Design to isolate BMC service access
Joseph Reynolds
jrey at linux.ibm.com
Wed Apr 5 08:22:37 AEST 2023
This is to gather information needed to write a design(1) for a BMC
function to upload a "service access token" which gives access to BMC
internals to a service agent.
BMCWeb uses the DMTF Redfish standard(2)(3), and I will pursue a Redfish
spec change for this (or a reading that we should create a custom OEM
solution which I would pursue at the OpenBMC community level). I
believe we can and should (at least partially) standardize some REST
APIs in this area.
This topic was introduced and briefly discussed in the OpenBMC Security
Working Group meeting(4) on 2023-03-29 where I agreed to write a design
for this. I intend to move forward with this email and a proper design.
If this interests you, please read and reply with changes needed to fit
your scheme. Study questions are at the bottom of the design sketch.
- Joseph
References:
1. https://github.com/openbmc/docs/blob/master/designs/design-template.md
2. https://redfish.dmtf.org/
3. https://github.com/openbmc/bmcweb/blob/master/Redfish.md
4. https://docs.google.com/document/d/1b7x9BaxsfcukQDqbvZsU2ehMq4xoJRQvLxxsDUWmAOI
------------------------------------------------------------------------
*Problem description*
The BMC has:
1. External interfaces such as REST APIs. These provide full
operational control over the BMC.
2. Internal interfaces within the BMC such as D-Bus, Systemd, and the
sysfs file system. These provide full access to the BMC's raw
capabilities, are needed to provide the BMC's external function, and
are needed to diagnose and fix problems. Direct access to these
internal interfaces is typically via SSH to the BMC's command shell.
3. A default root user who has full administrator access to the BMC's
external interfaces and access to the BMC's internal interfaces.
In some use cases, it is desirable to isolate the internal interfaces
away from administrator users. For example, when the BMC part of a
system which has sensitive data, you want to isolate the BMC user from
what little access the BMC has to that data. When this use case is
desired, a typical deployment involves three organizations:
1. Development. The development team creates the BMC's firmware, is
responsible for the function of all internal and external
interfaces, and may be needed to debug complex problems on
operational systems.
2. Operations. The operations team installs the BMC, and the BMC
administrator operates the BMC *only* via its intended external
interface, and does not allow access to BMC internals.

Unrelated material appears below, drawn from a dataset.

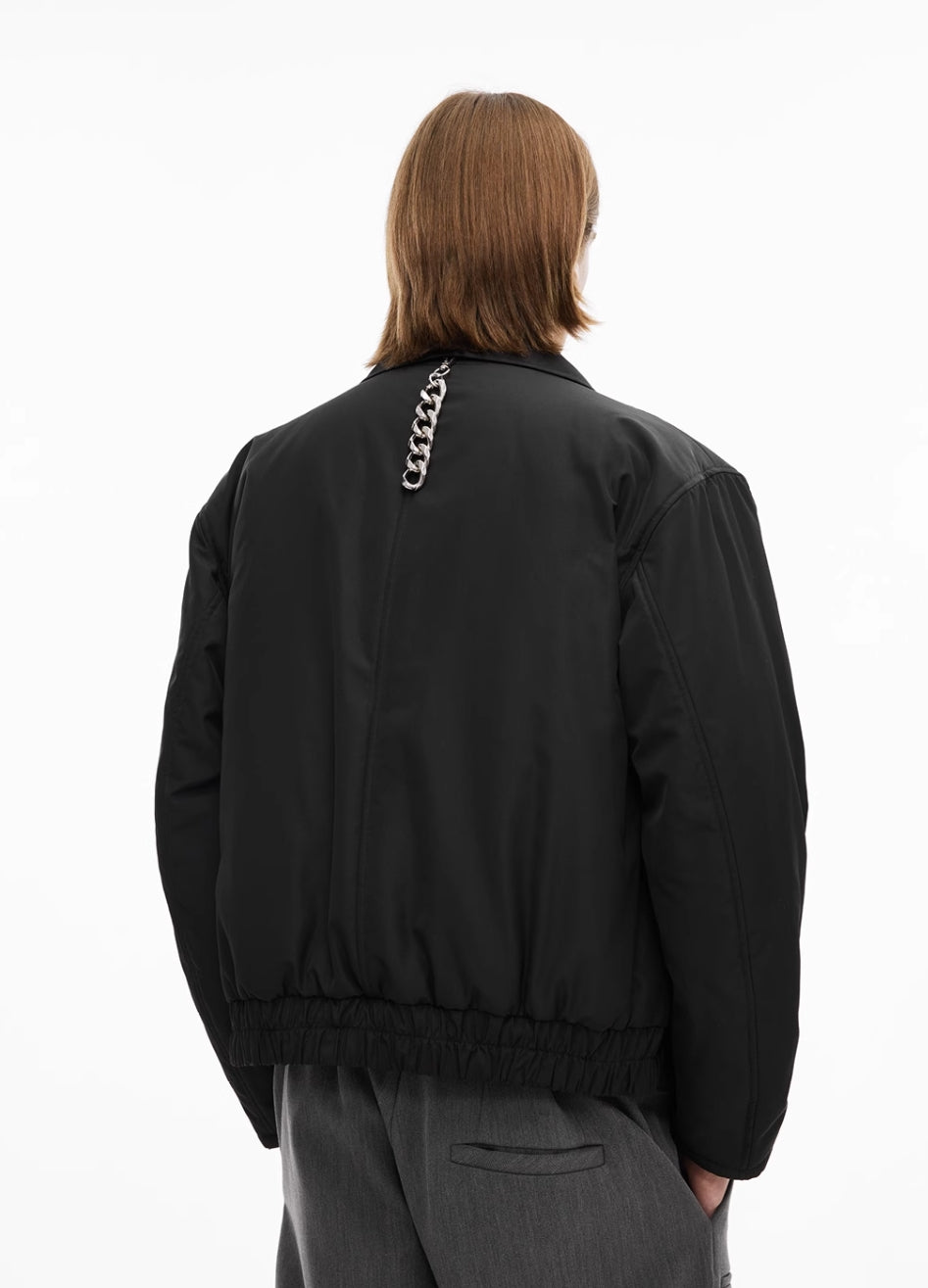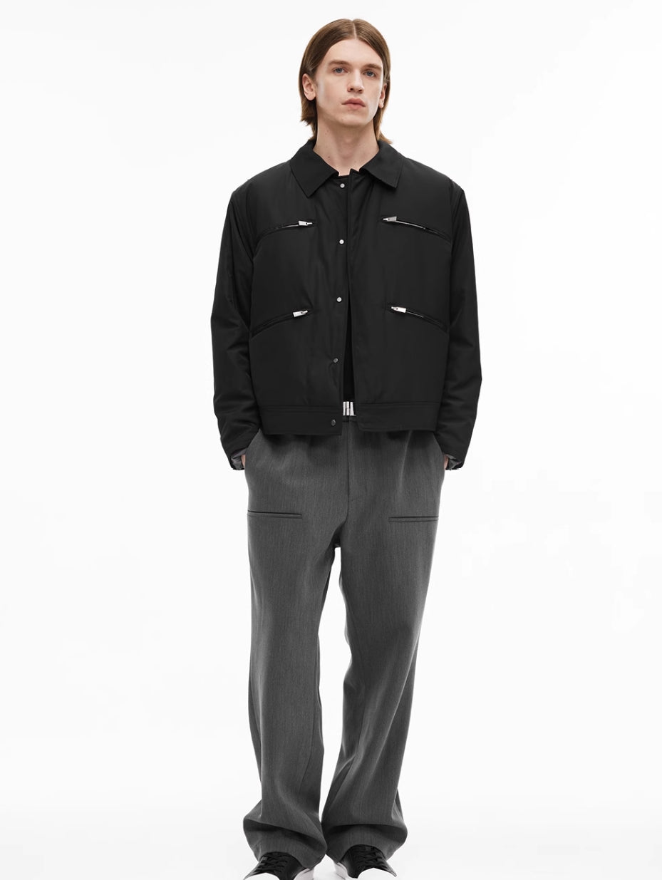 UNAWARES. COTTON JACKET WITH METAL ZIPPER INLAID SQUARE COLLAR CLIP

3. Service. The service team diagnoses and debugs problems on
operational BMCs, and sometimes needs to use the BMC's internal
interfaces.
The trust relationships from an operational point of view:
1. BMC administrators are trained only to operate the BMC's external
interfaces. When they find a problem, they call for authorized
service agents. To be extra careful, they may remove any sensitive
workloads from the system before allowing service technicians to
access the BMC.
2. BMC service technicians are trained to use the BMC's internal
interfaces. They may not be fully trusted by the operations team
who may carefully watch them or may operate the BMC's internal
controls for them.
3. BMC developers may be called to diagnose problems, and sometimes
need access to the failing BMC's internal interfaces.
In addition, the development team may not trust the operations team to
have access to BMC internals. For example, operations' access to BMC
internals can cause problems for which development may be blamed.

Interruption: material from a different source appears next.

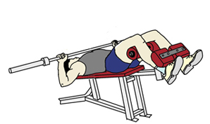 | 下のディクライン専用のベンチを使うか、「スミスマシーン+ディクラインベンチ」、または、フラットなベンチでも、ショルダーブリッジをすることによってディクラインベンチプレスをすることができます。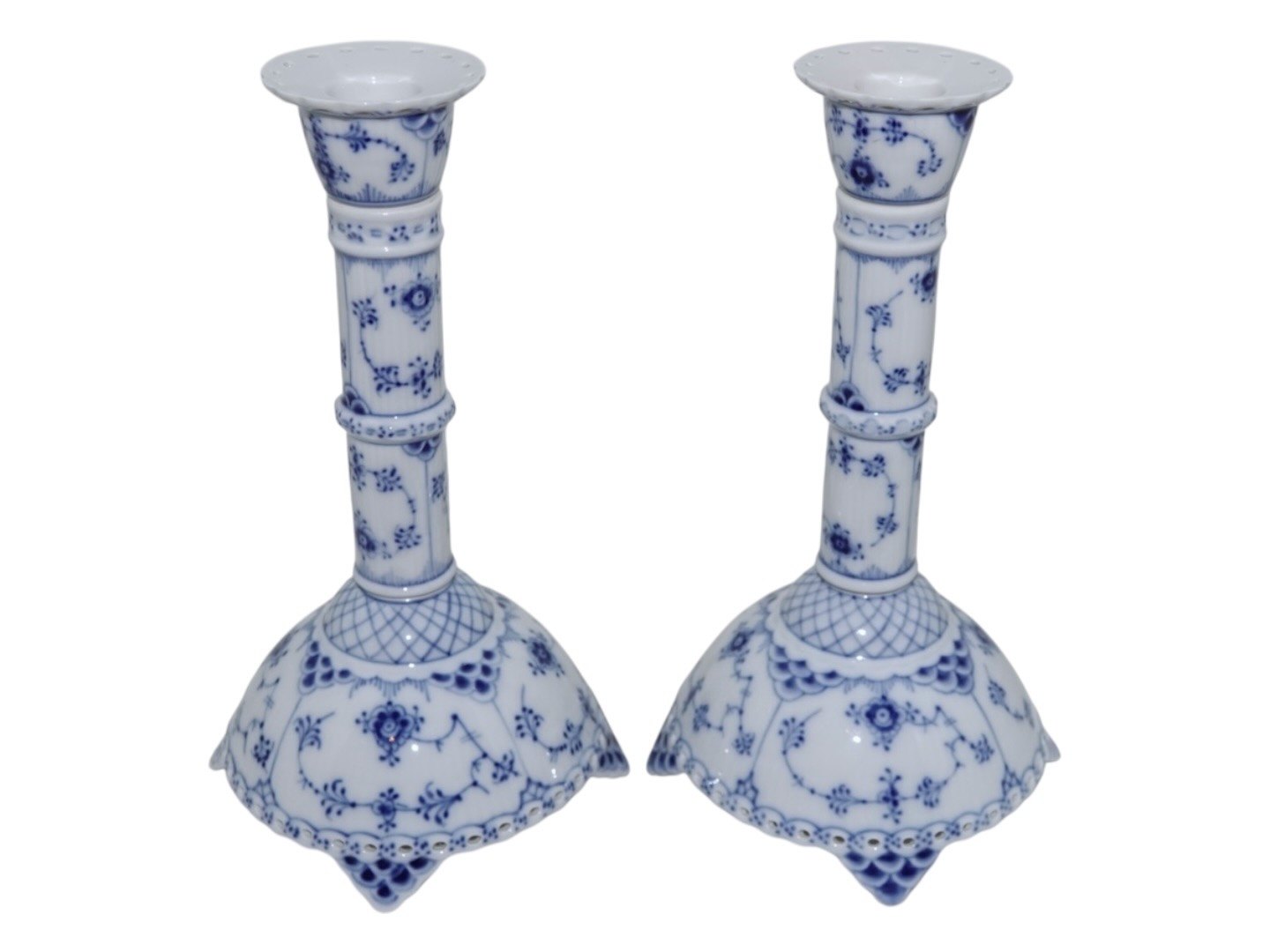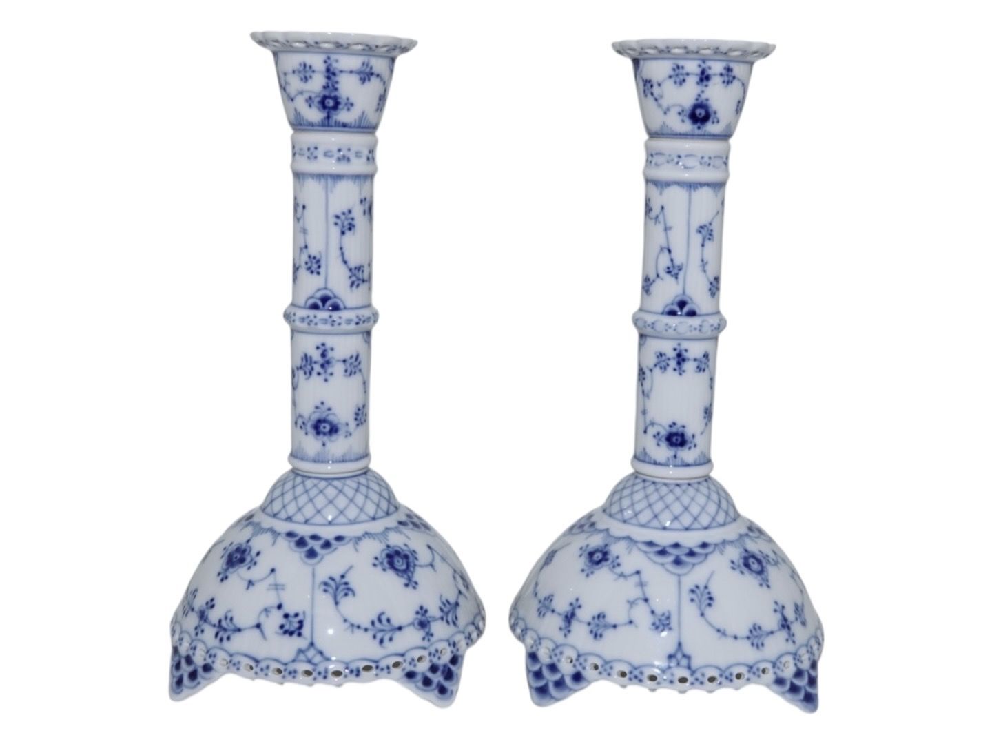 Royal Copenhagen Blue Fluted Full Lace, two tall candlelight holders.

Developers want to lock out everyone except (trained and trusted)
authorized service agents from the BMC's internal interfaces.
To be clear, the problem is:
1. The administrator users have access to the BMC's internal interfaces
which they do not need, and that access can be used to harm the
system. Also developers may want to lock out access to the BMC's
internal interfaces.
2. If this access it taken away then this limits the capability to
service the BMC. We must retain the ability to access the BMC's
internal interfaces so we can debug the BMC.
3. Both the BMC administrator and service must agree before access to
BMC internals is granted.
*The solution*
A way to solve this access problem has three pieces (all needed for a
complete solution):
1. Make BMC firmware so administrators are only allowed to access to
the BMC's intended operational interfaces (and are not allowed to
access BMC internal interfaces). For example, move away from root
account logins, and create a new "admin" account which can access
only the BMC's external interfaces.
2. Add function to the BMC so it can be accessed by a service user,
where access is disabled by default, and where access can be to
varying levels of BMC internal functions (for example, using
"service" APIs to perform common functions, or root access to the
BMC command shell for the deepest or most permissive level of access).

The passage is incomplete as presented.